GIVEN DATA »
___
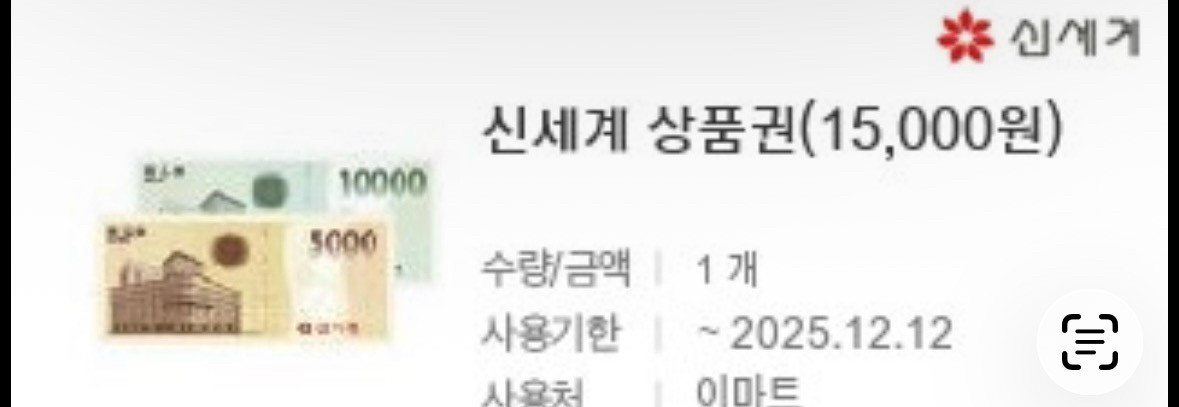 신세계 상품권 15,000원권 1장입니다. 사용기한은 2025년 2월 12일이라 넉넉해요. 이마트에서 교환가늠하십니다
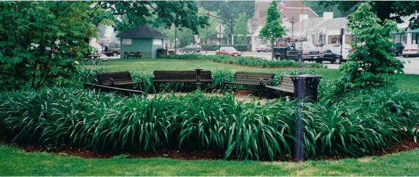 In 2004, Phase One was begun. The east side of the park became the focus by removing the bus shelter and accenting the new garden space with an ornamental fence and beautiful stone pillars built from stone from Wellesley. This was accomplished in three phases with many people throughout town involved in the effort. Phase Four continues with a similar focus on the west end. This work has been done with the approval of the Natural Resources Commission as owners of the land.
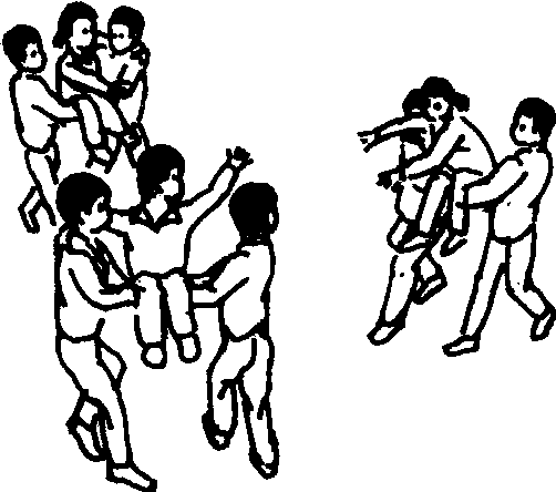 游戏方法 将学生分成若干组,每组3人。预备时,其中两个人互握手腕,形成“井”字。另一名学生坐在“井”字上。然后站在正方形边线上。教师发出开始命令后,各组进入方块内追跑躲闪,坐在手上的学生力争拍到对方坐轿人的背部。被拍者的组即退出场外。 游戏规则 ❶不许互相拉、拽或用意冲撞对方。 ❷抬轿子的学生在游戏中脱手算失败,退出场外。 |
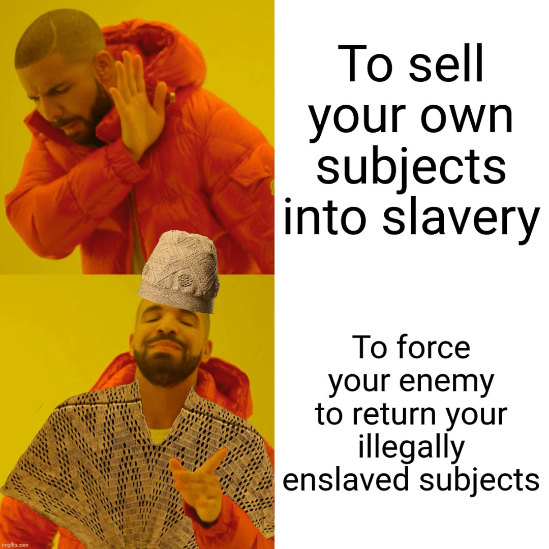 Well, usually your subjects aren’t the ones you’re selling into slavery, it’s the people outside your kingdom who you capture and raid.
___
TASK »
Retype the data exactly as it stands, but keep the images out of your copy.

RESULT OF THIS TASK »
 신세계 상품권 15,000원권 1장입니다. 사용기한은 2025년 2월 12일이라 넉넉해요. 이마트에서 교환가늠하십니다
 In 2004, Phase One was begun. The east side of the park became the focus by removing the bus shelter and accenting the new garden space with an ornamental fence and beautiful stone pillars built from stone from Wellesley. This was accomplished in three phases with many people throughout town involved in the effort. Phase Four continues with a similar focus on the west end. This work has been done with the approval of the Natural Resources Commission as owners of the land.
 游戏方法 将学生分成若干组,每组3人。预备时,其中两个人互握手腕,形成“井”字。另一名学生坐在“井”字上。然后站在正方形边线上。教师发出开始命令后,各组进入方块内追跑躲闪,坐在手上的学生力争拍到对方坐轿人的背部。被拍者的组即退出场外。 游戏规则 ❶不许互相拉、拽或用意冲撞对方。 ❷抬轿子的学生在游戏中脱手算失败,退出场外。 |
 Well, usually your subjects aren’t the ones you’re selling into slavery, it’s the people outside your kingdom who you capture and raid.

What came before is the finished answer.